Tuesday, June 18, 2019

A new journal article by a senior licensing associate in the University of Iowa Research Foundation (UIRF) argues that academic tech transfer activities contribute enormously to society and the economy, and that diminishing funding of those efforts jeopardize U.S. dominance in research-based discovery and innovation.

Writing in the June 2019 issue of les Nouvelles, the journal of the Licensing Executives Society International, Mihaela D. Bojin, Ph.D. says in “Academia and Technology Transfer in the U.S.” that from 1996 to 2015 technology transfer (taking ideas from the lab out into the marketplace) contributed more than $1.3 trillion to the U.S. gross industrial output and resulted in millions of new jobs. [The journal is available online but requires a subscription; an abstract is available here.]

Mihaela Bojin
“During the past 25 years, more than 400,000 inventions have been disclosed to over 200 academic technology transfer offices across the U.S., resulting in approximately 80,000 patents,” Bojin writes. “In 2017, for example, universities and research institutions executed about 8,000 license and option agreements and contributed to the creation of 755 products.”

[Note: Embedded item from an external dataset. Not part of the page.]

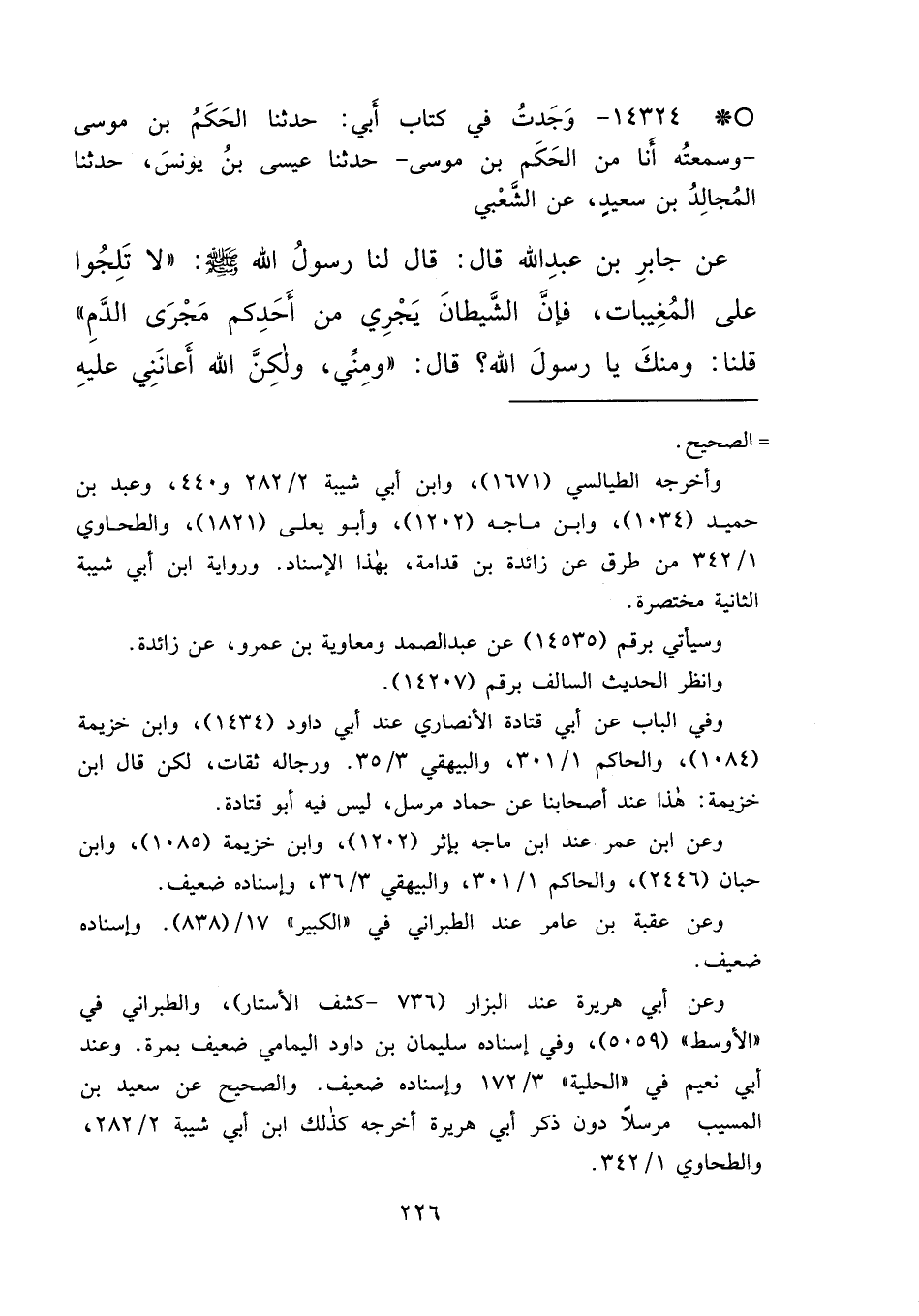 ° * ١٤٣٢٤ - وَجَدْتُ فِي كِتَابِ أَبِي: حَدَّثَنَا الْحَكَمُ بْنُ مُوسَى، وَسَمِعْتُهُ أَنَا مِنَ الْحَكَمِ بْنِ مُوسَى، حَدَّثَنَا عِيسَى بْنُ يُونُسَ، حَدَّثَنَا الْمُجَالِدُ بْنُ سَعِيدٍ، عَنِ الشَّعْبِيِّ، عَنْ جَابِرِ بْنِ عَبْدِ اللهِ، قَالَ: قَالَ لَنَا رَسُولُ اللهِ صَلَّى اللهُ عَلَيْهِ وَسَلَّمَ: " لَا تَلِجُوا عَلَى الْمُغِيبَاتِ، فَإِنَّ الشَّيْطَانَ يَجْرِي مِنْ أَحَدِكُمْ مَجْرَى الدَّمِ "، قُلْنَا: وَمِنْكَ يَا رَسُولَ اللهِ؟ قَالَ: " وَمِنِّي، وَلَكِنَّ اللهَ أَعَانَنِي عَلَيْهِ،

She says the groundbreaking technologies created at universities range from life-saving therapeutics and medical devices, materials, the computer, the internet, and GPS, to 3-D printing, genome editing, artificial intelligence and more.

Her paper examines four factors that contribute to, and support, U.S. tech transfer success:

  1. the unique mission and approach of technology transfer offices (like the UIRF);
  2. a tradition of support for research and development from the federal government and industry;
  3. an established culture of and incentives for entrepreneurship; and
  4. a robust and engaged private sector that can absorb and translate a diverse and vast pool of discoveries into products.

Bojin writes that basic research is both uncertain and expensive, which largely disincentivizes the private sector from engaging in it. University faculty and staff, on the other hand, dedicate their lives to such work because they’re passionate about it and because, in the long tradition of universities (particularly public institutions), there’s a desire to find ways to better society.

“Most of these daring research projects are not ready for commercialization for years, sometimes decades, and they are pursued on shoe-string budgets from internal university seed funds,” she says. “These projects shatter norms and push technologies in directions not traveled before. The universities’ tolerance for ambitious, lengthy projects is an essential ingredient for the type of innovation that requires time and resources to mature into the technology of tomorrow.”

Financial support is imperative to fuel research and discovery, and in 2018 an estimated $78 billion was invested in academic research in the United States: about $40 billion from the federal government, $20 billion from universities’ internal funding mechanisms, and $6 billion from industry. So, too, is the framework that allows universities to own intellectual property, particularly since Congress enacted the Bayh-Dole Act in 1980.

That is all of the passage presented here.